The problem: No pictures, please. Output the lines from the start of the data through the line that contains "办公楼指机关、企业、事业单位", both included, exactly as they stand.

[Material supplied Boundary: Start]

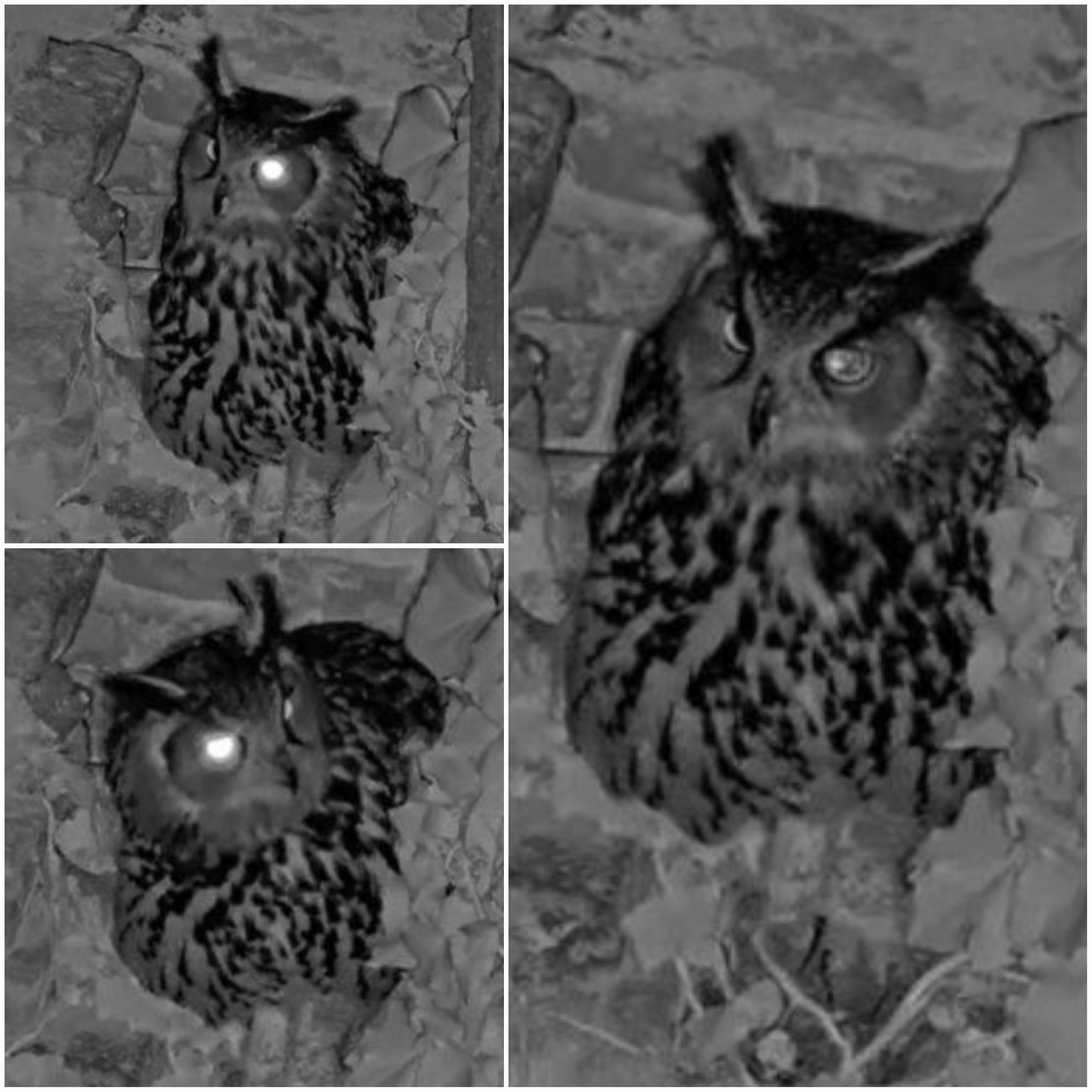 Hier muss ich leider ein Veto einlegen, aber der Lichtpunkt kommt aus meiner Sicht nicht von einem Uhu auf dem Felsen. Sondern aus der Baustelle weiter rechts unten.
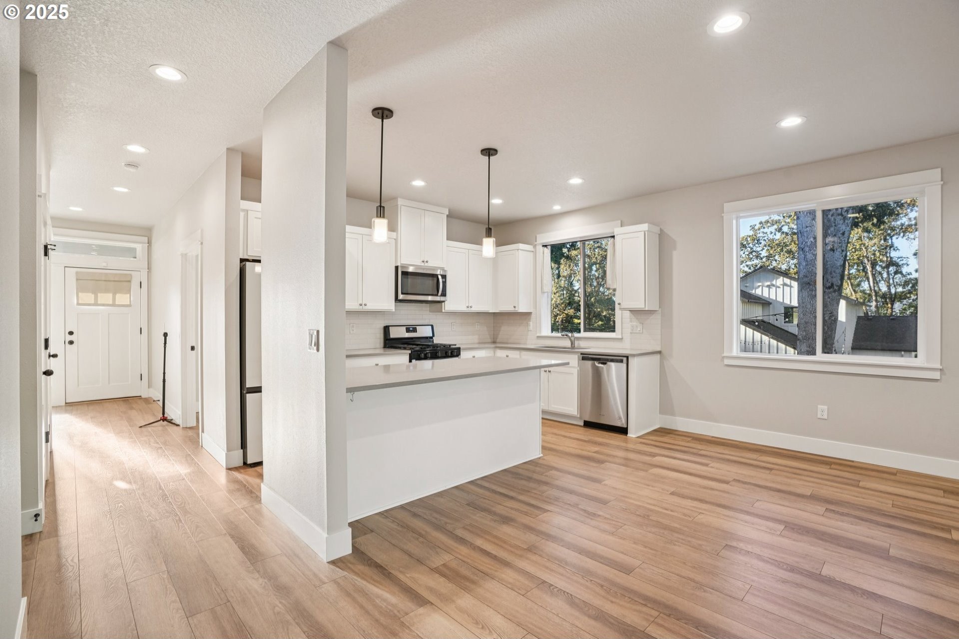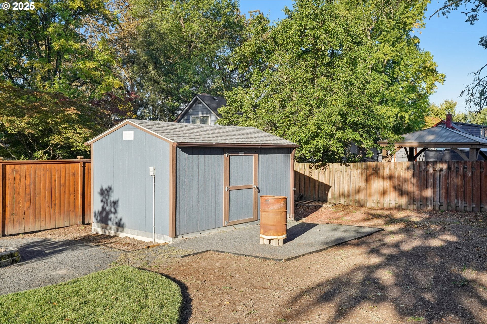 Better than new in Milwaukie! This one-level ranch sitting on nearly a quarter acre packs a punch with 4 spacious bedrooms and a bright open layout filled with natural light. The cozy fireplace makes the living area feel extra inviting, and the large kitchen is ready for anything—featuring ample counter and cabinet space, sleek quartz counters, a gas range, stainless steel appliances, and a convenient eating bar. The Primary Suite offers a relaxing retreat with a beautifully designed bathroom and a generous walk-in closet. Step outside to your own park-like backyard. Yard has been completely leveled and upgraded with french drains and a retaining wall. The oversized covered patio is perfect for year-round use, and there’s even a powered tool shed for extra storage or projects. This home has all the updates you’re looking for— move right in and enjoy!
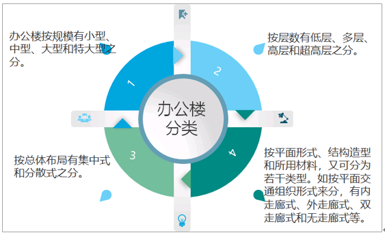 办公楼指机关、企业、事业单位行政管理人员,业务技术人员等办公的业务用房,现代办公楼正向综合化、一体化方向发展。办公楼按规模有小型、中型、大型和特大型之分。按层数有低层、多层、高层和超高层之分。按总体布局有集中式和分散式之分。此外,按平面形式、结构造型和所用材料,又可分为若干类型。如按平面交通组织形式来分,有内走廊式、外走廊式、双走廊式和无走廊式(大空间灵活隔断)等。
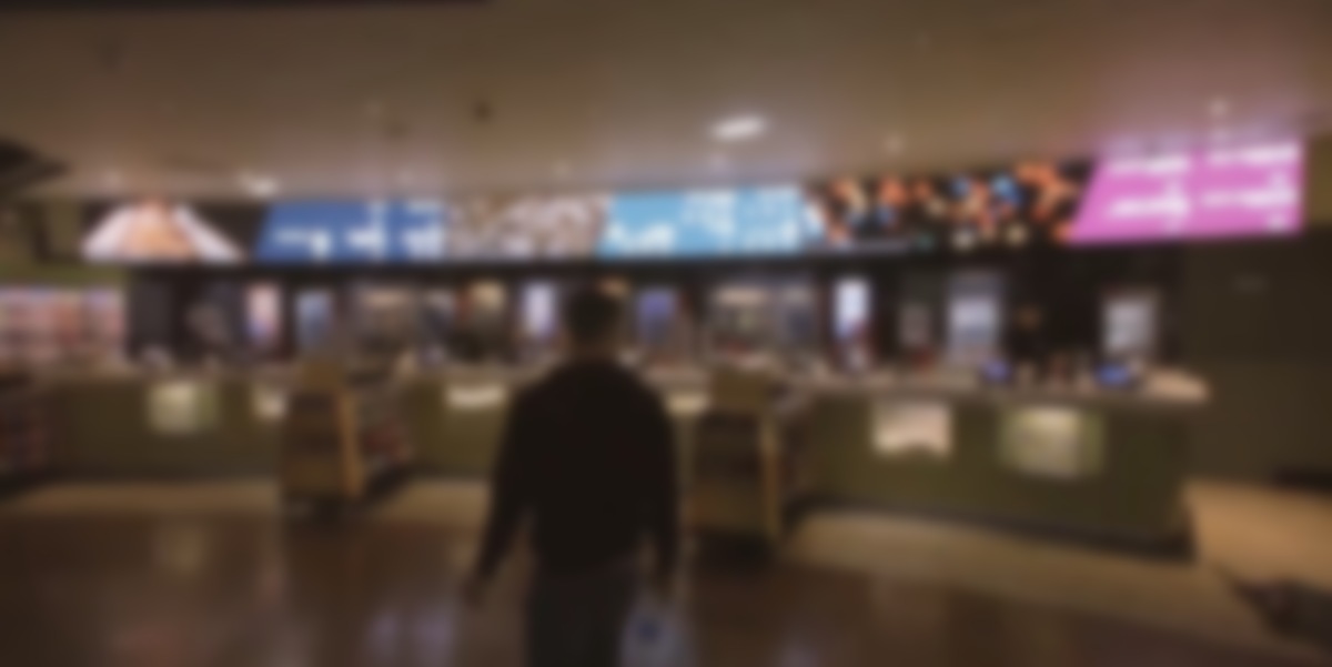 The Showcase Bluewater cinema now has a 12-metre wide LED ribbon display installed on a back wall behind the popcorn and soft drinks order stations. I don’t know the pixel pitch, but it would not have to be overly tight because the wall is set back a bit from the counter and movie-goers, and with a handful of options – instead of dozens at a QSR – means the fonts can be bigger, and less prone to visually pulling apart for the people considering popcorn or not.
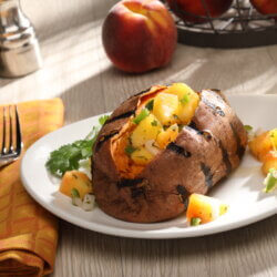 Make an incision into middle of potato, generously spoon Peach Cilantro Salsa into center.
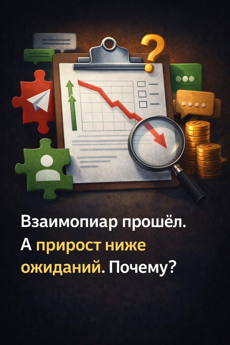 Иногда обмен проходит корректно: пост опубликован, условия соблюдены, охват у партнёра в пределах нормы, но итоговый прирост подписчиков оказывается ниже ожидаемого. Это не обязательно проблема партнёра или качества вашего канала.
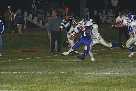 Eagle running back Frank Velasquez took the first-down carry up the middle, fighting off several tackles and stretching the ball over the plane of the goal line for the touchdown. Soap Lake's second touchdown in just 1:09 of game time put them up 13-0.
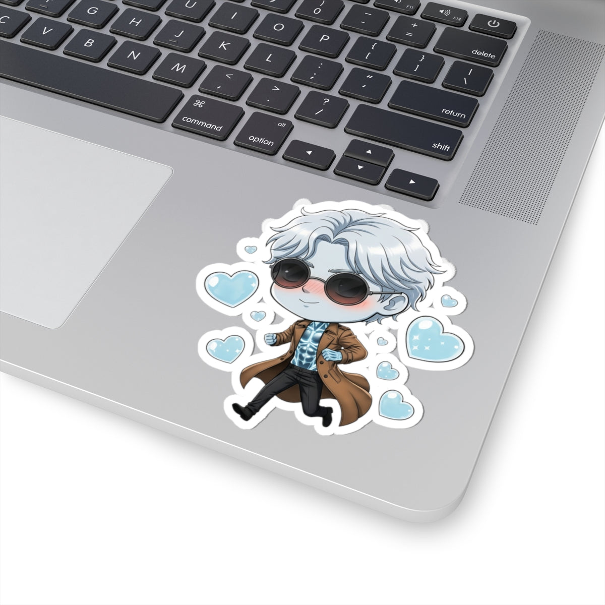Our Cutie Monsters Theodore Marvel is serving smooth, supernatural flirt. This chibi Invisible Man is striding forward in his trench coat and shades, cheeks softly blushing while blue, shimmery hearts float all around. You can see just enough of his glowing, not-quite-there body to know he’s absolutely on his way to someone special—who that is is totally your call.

[Material supplied Boundary: End]

Response area:
 Hier muss ich leider ein Veto einlegen, aber der Lichtpunkt kommt aus meiner Sicht nicht von einem Uhu auf dem Felsen. Sondern aus der Baustelle weiter rechts unten.
 Better than new in Milwaukie! This one-level ranch sitting on nearly a quarter acre packs a punch with 4 spacious bedrooms and a bright open layout filled with natural light. The cozy fireplace makes the living area feel extra inviting, and the large kitchen is ready for anything—featuring ample counter and cabinet space, sleek quartz counters, a gas range, stainless steel appliances, and a convenient eating bar. The Primary Suite offers a relaxing retreat with a beautifully designed bathroom and a generous walk-in closet. Step outside to your own park-like backyard. Yard has been completely leveled and upgraded with french drains and a retaining wall. The oversized covered patio is perfect for year-round use, and there’s even a powered tool shed for extra storage or projects. This home has all the updates you’re looking for— move right in and enjoy!
 办公楼指机关、企业、事业单位行政管理人员,业务技术人员等办公的业务用房,现代办公楼正向综合化、一体化方向发展。办公楼按规模有小型、中型、大型和特大型之分。按层数有低层、多层、高层和超高层之分。按总体布局有集中式和分散式之分。此外,按平面形式、结构造型和所用材料,又可分为若干类型。如按平面交通组织形式来分,有内走廊式、外走廊式、双走廊式和无走廊式(大空间灵活隔断)等。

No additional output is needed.